As AI (specifically Large Language Model), blown up thanks to the popularity of ChatGPT, I started to take a look deeper about it. From the first sight, it's seems like many product launched lately is more about "stuff + openai", which not really a bad thing, but makes me wonder, is Open AI will monopoly the AI fields?
Then, a project called llama.cpp comes out, that claims able to runs Facebook LLM model just utilizing CPU. A quick look into the repository documentations, and it blows my mind. As a believer in ability to self hosting application, keeping privacy in check in an unknown world of Artificial Intelegence seems beneficial.
I dig through the repository, reads some issues, and play around with it, and it runs really well, both on my M1 Pro MacBook, and my Orange Pi 5. The accuracy is not highest, and the speed is usable for a simple local “ChatGPT” like application. From this experience, I think we could start considering build stuff on top of it more seriously.
Luckily, that llama.cpp project not only proof it possible, but also encourage many other open source project to build their own LLM models, one of them is GPT4All, which claims has decent performance and accuracy compares to ChatGPT with GPT 3.5 model. And this project has an official NodeJS binding. This is great since I’m quite confident develop tools / apps using NodeJS.

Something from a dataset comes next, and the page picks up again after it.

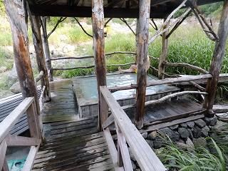今回は、八幡平周辺の温泉と乳頭温泉郷で温泉めぐりをするために 東北道の西根インターを 出た所にある「大更」でガソリンを入れた後、コープで2日分の食料と酒と水を調達してから 出発しました。 194号線を走って 田沢湖高原温泉の先で鶴の湯を左手に見送ると 乳頭温泉郷のイメージと かけ離れた休暇村乳頭温泉郷の大きな建物があって、ここから右上に シラカバ林の中を 登って行くと、間もなく 黒湯温泉の広い駐車場があります。 ![]() __(シラカバ林の中を走る林道)_________(駐車場に立つ黒湯の看板) 黒湯入り口の看板の裏から細い道を下りた所にある乳頭山登山口の下に 冷たくて美味しい 天然水があります。 ![]() _____(乳頭山登山口)______________(美味しい天然水) 天然水の下にある庭に数脚のイスがあって、その奥に受付棟があります。 ![]() ______(庭にあるイス)________________(受付棟) 受付には 黒湯を訪れたことがある芸能人のパネルが沢山あって、(私は利用してませんが) 奥にある休憩所にサインも見えました。 ![]() _____(芸能人の写真)____________(休憩所、正面の壁にサイン) 最初に 受付の右隣にある混浴露天風呂に入りました。 (混浴露天風呂の入り口)混浴露天風呂の脱衣所は かなり狭くて、壁にある温泉の成分表によると 源泉名は黒湯上、 泉質は 単純硫黄泉で、成分に影響を与える項目に 加水・加温・循環・入浴剤・消毒処理は していないと書かれていました。 ![]() ___(靴棚と脱衣所の入り口)_____________(温泉の成分表) 脱衣所から出ると 通路の左に女性用の脱衣所があって、右に 内湯の浴槽があります。 (4〜5人が入れる内湯の浴槽)白濁の温泉は 適度な硫化水素臭に ゆで玉子味がしますが、硫黄泉にしてはマイルドです。 浴槽には きめ細かい湯の花が沢山浮遊していて、硫黄成分で白くなった浴槽に入って温泉を かき混ぜると白濁が増して、しばらく放っておくと湯の花が沈んで透明度が高くなります。 ![]() ________(湯口)______________(浴槽からあふれる温泉) 内湯の奥にある1人分の狭い洗い場には リンスインシャンプーとボディーソープがあって、 カランの代わりに 出っ放しになった舟から湯を汲んで使います。 (洗い場)洗い場の奥にある2連の打たせ湯は ぬるめで、勢いも それほど強くありません。 ( 2連の打たせ湯)内湯から先ほどの通路に戻って、女性用の脱衣所の前を通り過ぎた所が混浴の露天風呂 ですが、このような作りでは 女性が利用するのは難しいと思います。 ![]() ___(左が女性用の脱衣所)______________(混浴露天風呂) 100%源泉掛け流しの温泉は やや熱めの適温です。 露天風呂には屋根が付いてますが、周囲に目隠しがないので解放感は申しぶんなく、木の 枝を上手く使った柱と 天井に吊り下げられたランプ風の照明も風情があります。 ![]() ___(排湯溝から流れ出る温泉)____________(ランプ風の照明) _________________ _____ - - - - - - - - - - - - - - - - - - - - |

Ideas: Personal Email Summarizer
A simple ideas for LLM is summarizer. I‘m using Spark (a really great mail client btw, you should definitely check that out), and it already did great job to filter out low priority email. Low priority email includes newsletter, which sometimes, I’m curious and wants to learn more.
With that said, I start to tinkering the GPT4All binding, and mix and match it with other self hosted tools that make sense for this use case. Then I remember a great workflow tools called n8n, that easily hosted and extended, using NodeJS. N8n basically a workflow tools that enable users to define a workflow of many 3rd party integrations like SMTP, GMail, Telegram, etc. Considering the LLM capability and the main missing piece is access to data, n8n basically provide the bridge of it.
Designing Workflow
on n8n I start with creating a workflow that listen SMTP of my gmail, hook it with my custom gpt4all node to do AI Summary, and then push it to Telegram, all runs on Orange PI 5 beind Tailscale, so I could access it from all my device, and keep it secure.
At first it works as expected, all emails got summarized and pushed to my Telegram bot. But then some of the jobs got stuck. Turns out the event from SMTP might contains multiple email, and n8n by nature, runs all of them in parallel. Considering my Orange Pi 5 compute resources (4 performance cores, 4 efficiency cores), the jobs easily piled up and takes so long to complete.

Based on my needs, I don’t need a quick summary when each of the email arrives. So I start updating my workflow to break all the events into a serial job in queue, with a simple built in n8n node called Split In Batches. Configure it to only forward 1 message each batch, process it, then send it to telegram, now I had my own AI Email Summarizer.
Conclusion
I personally believe that AI could help humanity going forward, but I also believe that we need to learn from our past about data privacy. We know giants like Google, Microsoft, Meta, and now OpenAI had all it takes on compute resources to built this awesome AI stuff, but we can’t easily give up all our data to them, and let them do monopoly in this area. This AI model will be an additional great tools alongside other existing tools, and democratizing it (by let anyone host their own AI with their own data), is the correct way to move AI forward.